Data types and file types

Data types aren’t preserved in Excel, csv or tsv format files. They are however preserved in .Rdata and .Rds files.

dat_wide_log %>% select(1:5) %>%  str()
tibble [300 × 5] (S3: tbl_df/tbl/data.frame)
 $ donorid     : chr [1:300] "d001" "d002" "d003" "d004" ...
 $ status      : chr [1:300] "malignant" "malignant" "malignant" "benign" ...
 $ cell_size   : num [1:300] -0.769 0.469 0.68 0.669 1.113 ...
 $ cell_density: num [1:300] -0.1844 0.1517 0.6682 0.2399 -0.0523 ...
 $ nuclear_area: num [1:300] -0.0568 -0.1693 -0.2268 -0.3735 -0.3104 ...

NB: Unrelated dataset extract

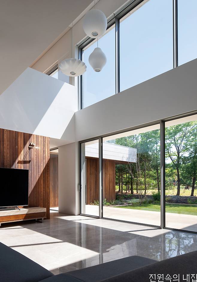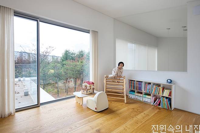 2층에는 마스터룸, 아이방, 서재를 배치했다. ㄷ자의 서쪽에 해당하는 2층 마스터룸은 중정을 바라볼 수 있도록 배치해 인접지의 시선을 막고 강한 서향 빛을 걸러 준다. ㄷ자의 동쪽은 비워서 테라스를 만들었다. 따뜻한 남동향의 빛을 깊숙이 끌어들이고 2층 공간에서 공원을 향한 조망을 확보하고자 함이었다. 아이방에서는 거실과 주방을 내려다볼 수 있도록 통유리를 시공해 가족 간 소통에 도움을 준다. 집의 중심에 위치한 거실은 오픈 천장을 적용해 공원의 풍경을 적극적으로 끌어들였다.

Re-establish status as a factor:

dat_wide_log <- dat_wide_log %>% 
  mutate(status=factor(status))

Drop donorid from the training data. It encodes no useful information for training a model.

data_final <- dat_wide_log %>% select(-c(donorid))

Split test & train

The default is to split the data into training (75%) and test/hold-out (25%). We stratify by status, to ensure roughly equal numbers of benign and malignant samples in the test and training data

split_cl <- initial_split(data_final, strata = status)

Extract the test and training data to separate objects

train_cl <- training(split_cl)

test_cl  <- testing(split_cl)

Check the balance of the status classes (malignant vs benign), remembering that ROC curves are more reliable when classes are balanced.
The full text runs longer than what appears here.